Letters, diaries, photos, and other material collected over the years give vital and unique information regarding your life or the history of your family. And while these papers obviously matter to you, they may be important to your community, state, or nation, too. Whether or not members of your family attained a degree of fame, they have contributed to the heritage of a certain place and time. When you donate your personal or family papers to a manuscript repository, your family history becomes a part of your community's collective memory.

What to Preserve

Most repositories accept donations of as little as a single item and as large as dozens of boxes. Material need not be organized; it need not be "old"; and it need not relate to a famous individual, event, or organization in order for it to be historically significant.

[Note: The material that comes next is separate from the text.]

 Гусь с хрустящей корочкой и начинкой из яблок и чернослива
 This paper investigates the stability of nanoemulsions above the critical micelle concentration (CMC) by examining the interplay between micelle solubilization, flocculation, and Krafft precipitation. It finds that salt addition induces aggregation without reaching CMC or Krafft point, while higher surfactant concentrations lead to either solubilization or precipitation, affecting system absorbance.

Generally, however, repositories are more interested in a coherent body of material rather than individual items; photos, tapes, and films should be identified. Repositories usually ask that historical material itself not be mailed or dropped off without first consulting with the staff; a repository must evaluate all material offered and ask the donor to sign a donation agreement.

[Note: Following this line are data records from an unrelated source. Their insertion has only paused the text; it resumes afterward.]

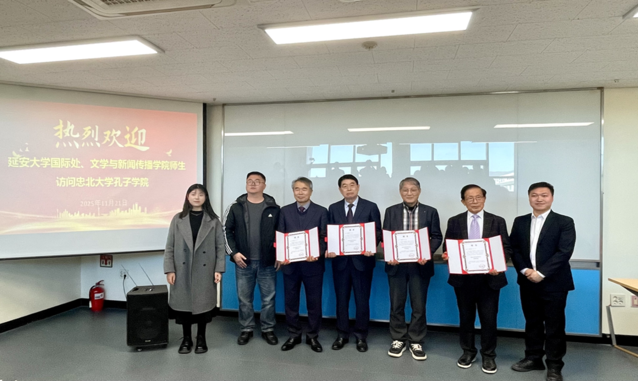 11月21日,研学团抵达位于韩国清州市的忠北大学孔子学院,受到孔院中方院长、延边大学李艳军教授,公派中文教师金花博士及孔院师生的热烈欢迎。交流会上,李艳军院长致欢迎词,详细介绍了孔院的发展历程、中方合作院校延边大学在朝鲜半岛汉字使用研究方面的重要成果与代表专家,还分享了韩国古代汉字文献相关的珍贵网络资源。ALLWINCITY万象城文学院李鹏睿博士代表来访团致谢,向与会嘉宾介绍了ALLWINCITY万象城文学院及汉字研究中心的发展概况与学术成果。为深化跨国学术合作,研学团代表ALLWINCITY万象城汉字研究中心现场向孔院校友会成员具宽书、赵哲浩、张炳鲁、李镕熙颁发“外籍研究员”聘书,希望借助四位专家的学术力量,推动汉字使用研究的跨国协作走向深入。在韩期间,研学团还走进韩国清州古印刷博物馆与韩国国立民俗博物馆,实地感受汉字在东亚文明发展中的印记。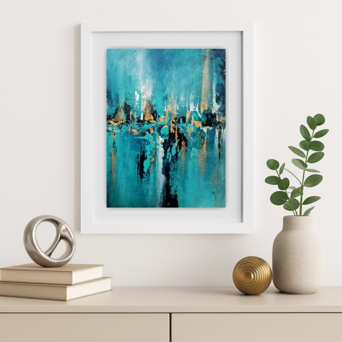 Abstrakcja, która przywodzi na myśl świat ukryty pod powierzchnią wody. Chłodne kolory i statyczna kompozycja wprowadzą do wnętrza spokój i z pewnością przyciągną uwagę gości. Złote akcenty pięknie odbijają światła i sprawiają, że obraz zdaje się żyć własnym życiem. Charakterystyczną teksturę uzyskałam, nakładając grube warstwy farby szpachelką malarską. Pracę oprawiam w minimalistyczną białą ramkę, która w elegancki sposób eksponuje kolory. Obraz można łatwo zawiesić na ścianie lub postawić na półce. Całość stanowi unikatowy i stylowy prezent na urodziny, imieniny lub Boże Narodzenie!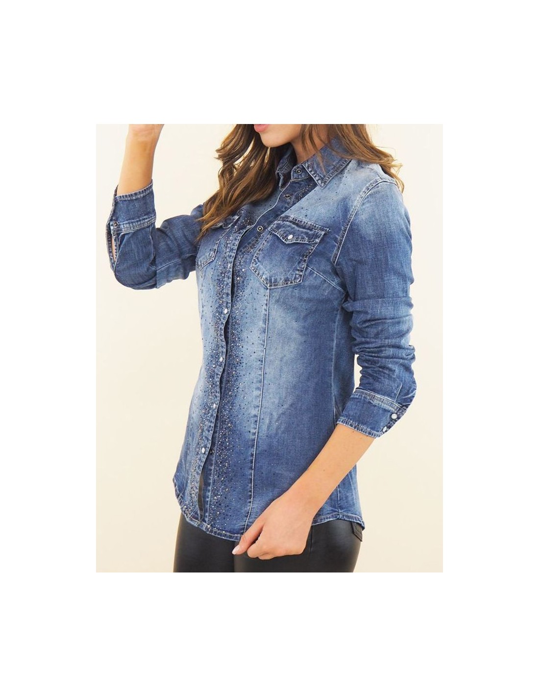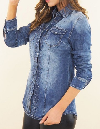 Blaues Jeanshemd mit hellblauem Wascheffekt an den Schultern und der Brust, zwei Pattentaschen vorne am Herzen und Strasssteinen entlang der Knopflöcher. Mit seinem klassischen Schnitt und den Pailletten bietet es viel Platz zum Blenden.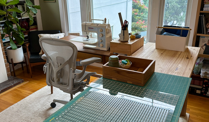 Cutting table accessible from at least three sides. My cutting table used to be blocked by a chair on one side and piles of nonsense on the other. Being able to walk around and approach my cutting from different angles was crucial.

Do you need to "cull" the papers or reorganize them?
Archivists are experts in identifying materials that should be transferred to a repository or manuscript library. Because the research value of records may be diminished if items are removed or if the records are rearranged, donors are encouraged to contact the repository staff before weeding, discarding, or reorganizing their papers and records.

Examples of historically valuable material.
While it is important that the archives staff be permitted to survey papers or records in order to determine which materials have enduring historical value, listed below are types of materials that are often valuable to a researcher. These lists, which are suggestive and not definitive, illustrate the wide range of documentation often useful for historical and administrative research.

Among the types of materials in personal and family papers of interest to researchers are:

  • brochures and flyers
  • business records
  • diaries
  • films/videos/audio tapes (labeled)
  • genealogical information
  • legal documents
  • letters
  • memoirs/reminiscences
  • minutes/reports
  • photographs (labeled)
  • professional papers
  • scrapbooks/photo albums
  • speeches/lectures

Also of interest are files relating to the individual's civic, business, religious, political, and social activities.

Churches, political organizations, businesses, economic interest groups, community groups, voluntary associations, professional associations, and other collective enterprises all produce records which document their purpose, policies, and activities. An individual or family may hold the records of such a business or organization, and this material, too, may be significant.